March 2020 | 152 pages | SAGE Publications Ltd

Populism, misogyny, rampage murders. Digital media seem to lie at the heart of sinister, intractable social challenges. Curiously, the very societies who fear such things are often dismissive of media research. Addressing key issues affecting global media industries, this book explains how to solve the present conundrum by appreciating the historical development of cultivation theory.

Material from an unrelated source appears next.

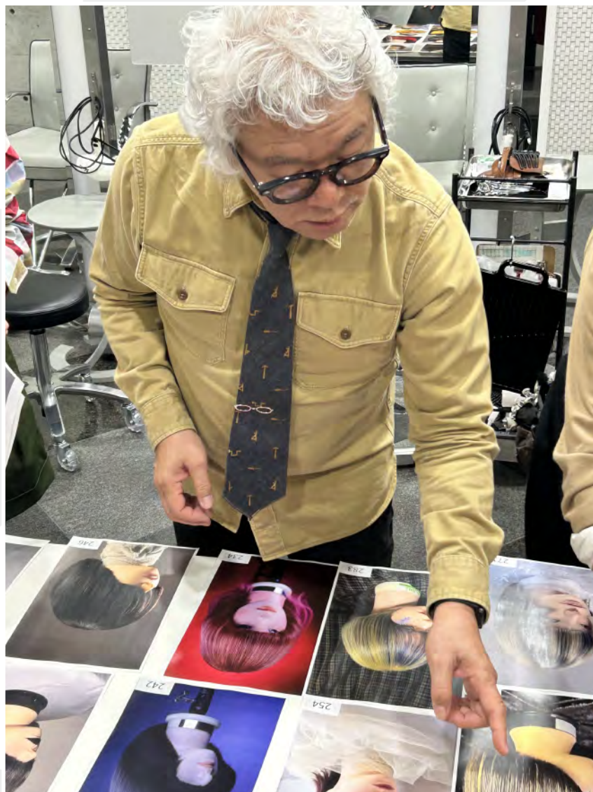
入賞作品の選出は山下氏のサロン (Double SONS) で実施されました

Digital Media Influence ties cultivation themes, such as mean world syndrome, mainstreaming, the celebration of white male violence, the ridiculing of ageing women, the inhibition of activism, the mediatisation of religion and the erosion of trust in education, with contemporary digital media case studies. Considering the aftermath of the Parkland murders, political memes, Islamophobia, the fate of female reality TV stars and the bad press directed at media education, Ruddock shows how these phenomena are born of media practices that cultivation theory began to dissect in the 1950s.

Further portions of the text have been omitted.